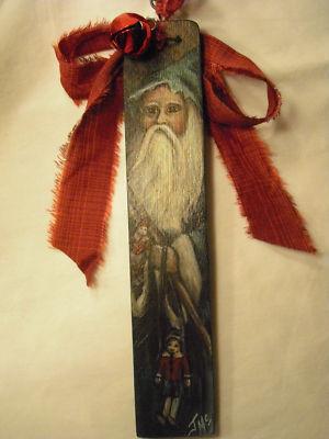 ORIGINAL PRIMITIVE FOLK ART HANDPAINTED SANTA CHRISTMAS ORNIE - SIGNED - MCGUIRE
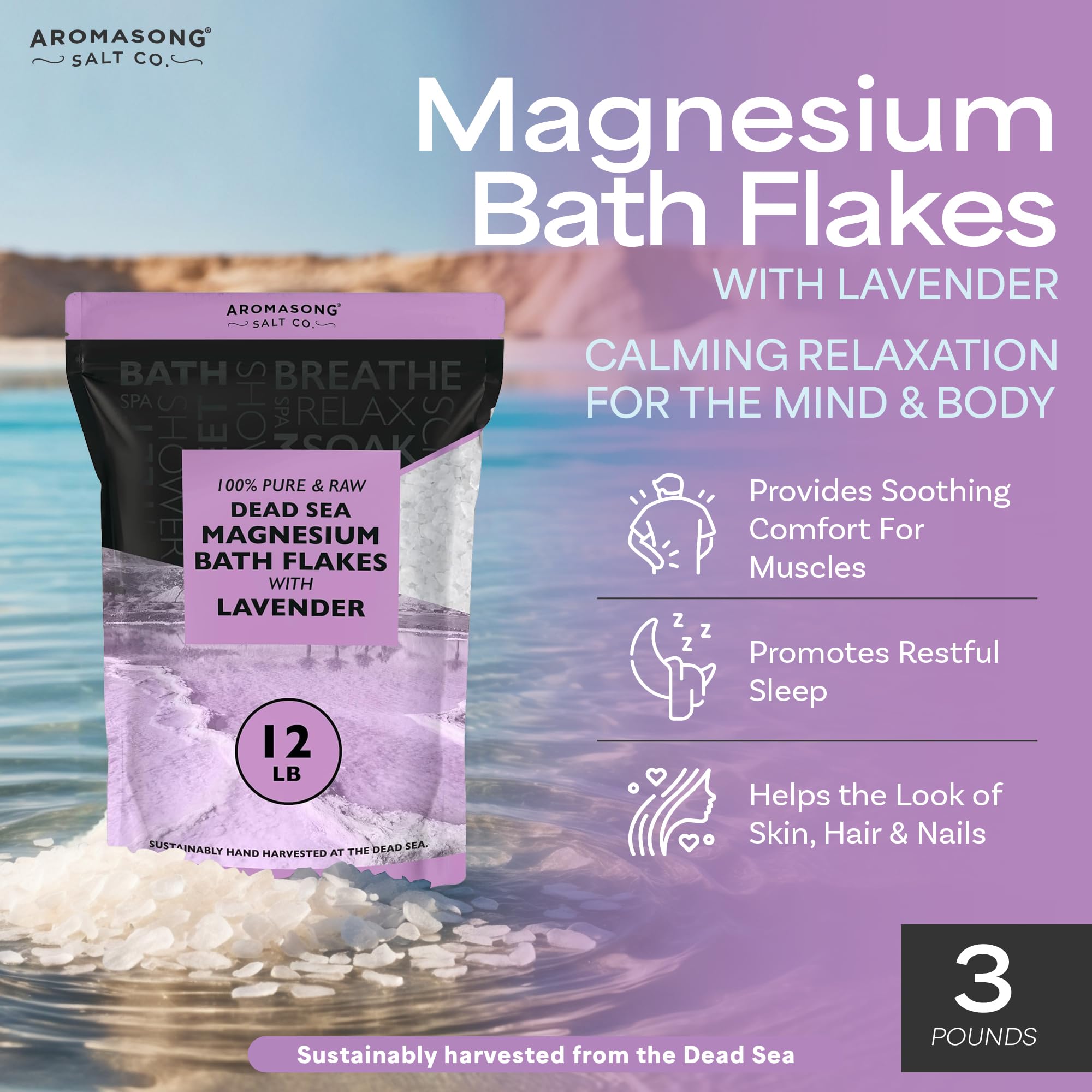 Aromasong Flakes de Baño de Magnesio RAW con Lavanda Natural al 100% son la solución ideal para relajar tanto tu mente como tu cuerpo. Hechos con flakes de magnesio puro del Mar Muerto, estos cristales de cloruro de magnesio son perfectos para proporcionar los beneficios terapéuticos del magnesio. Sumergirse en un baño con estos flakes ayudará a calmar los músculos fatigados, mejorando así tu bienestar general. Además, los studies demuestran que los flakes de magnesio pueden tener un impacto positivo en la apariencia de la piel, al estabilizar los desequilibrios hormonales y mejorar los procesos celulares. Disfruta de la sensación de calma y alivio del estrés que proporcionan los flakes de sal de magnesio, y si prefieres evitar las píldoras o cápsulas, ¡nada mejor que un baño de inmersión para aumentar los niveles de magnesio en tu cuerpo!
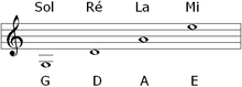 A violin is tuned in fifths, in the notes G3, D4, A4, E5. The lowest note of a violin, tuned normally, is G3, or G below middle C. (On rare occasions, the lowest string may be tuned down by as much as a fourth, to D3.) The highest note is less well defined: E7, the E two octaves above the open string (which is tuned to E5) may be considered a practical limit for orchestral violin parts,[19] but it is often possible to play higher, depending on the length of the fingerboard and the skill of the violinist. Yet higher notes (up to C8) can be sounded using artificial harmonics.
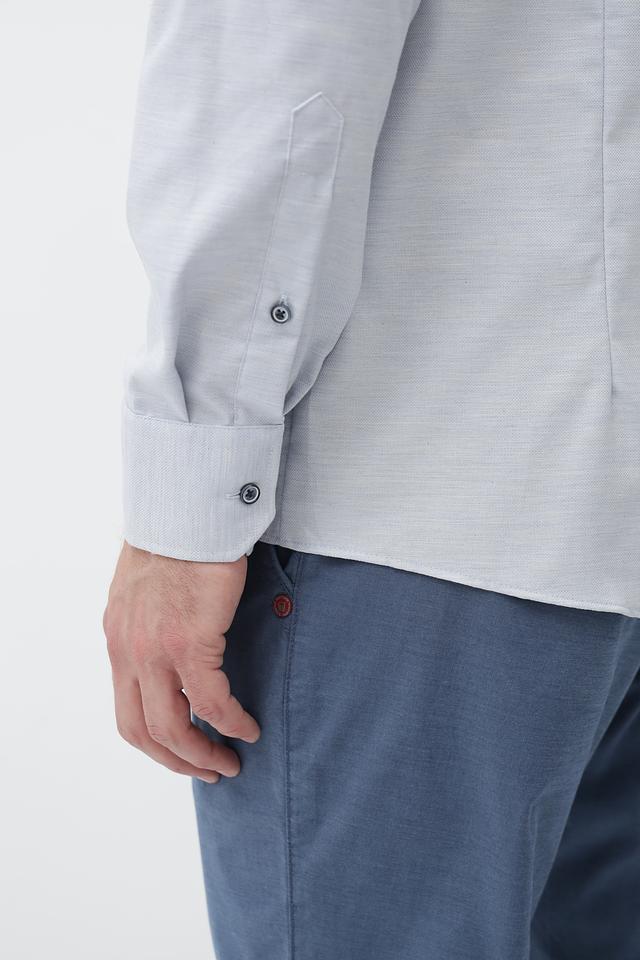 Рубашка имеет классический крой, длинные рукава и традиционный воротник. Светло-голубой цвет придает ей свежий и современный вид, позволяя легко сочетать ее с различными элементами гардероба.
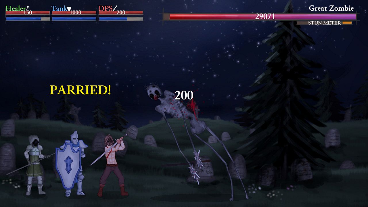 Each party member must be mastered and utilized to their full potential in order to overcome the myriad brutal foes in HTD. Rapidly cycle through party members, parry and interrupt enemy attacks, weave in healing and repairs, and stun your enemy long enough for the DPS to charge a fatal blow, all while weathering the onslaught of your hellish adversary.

____________________

◆ Task directions ◆
Your output should be the records above, duplicated exactly and picture-free.

◆ Response to this task ◆
 ORIGINAL PRIMITIVE FOLK ART HANDPAINTED SANTA CHRISTMAS ORNIE - SIGNED - MCGUIRE
 Aromasong Flakes de Baño de Magnesio RAW con Lavanda Natural al 100% son la solución ideal para relajar tanto tu mente como tu cuerpo. Hechos con flakes de magnesio puro del Mar Muerto, estos cristales de cloruro de magnesio son perfectos para proporcionar los beneficios terapéuticos del magnesio. Sumergirse en un baño con estos flakes ayudará a calmar los músculos fatigados, mejorando así tu bienestar general. Además, los studies demuestran que los flakes de magnesio pueden tener un impacto positivo en la apariencia de la piel, al estabilizar los desequilibrios hormonales y mejorar los procesos celulares. Disfruta de la sensación de calma y alivio del estrés que proporcionan los flakes de sal de magnesio, y si prefieres evitar las píldoras o cápsulas, ¡nada mejor que un baño de inmersión para aumentar los niveles de magnesio en tu cuerpo!
 A violin is tuned in fifths, in the notes G3, D4, A4, E5. The lowest note of a violin, tuned normally, is G3, or G below middle C. (On rare occasions, the lowest string may be tuned down by as much as a fourth, to D3.) The highest note is less well defined: E7, the E two octaves above the open string (which is tuned to E5) may be considered a practical limit for orchestral violin parts,[19] but it is often possible to play higher, depending on the length of the fingerboard and the skill of the violinist. Yet higher notes (up to C8) can be sounded using artificial harmonics.
 Рубашка имеет классический крой, длинные рукава и традиционный воротник. Светло-голубой цвет придает ей свежий и современный вид, позволяя легко сочетать ее с различными элементами гардероба.
 Each party member must be mastered and utilized to their full potential in order to overcome the myriad brutal foes in HTD. Rapidly cycle through party members, parry and interrupt enemy attacks, weave in healing and repairs, and stun your enemy long enough for the DPS to charge a fatal blow, all while weathering the onslaught of your hellish adversary.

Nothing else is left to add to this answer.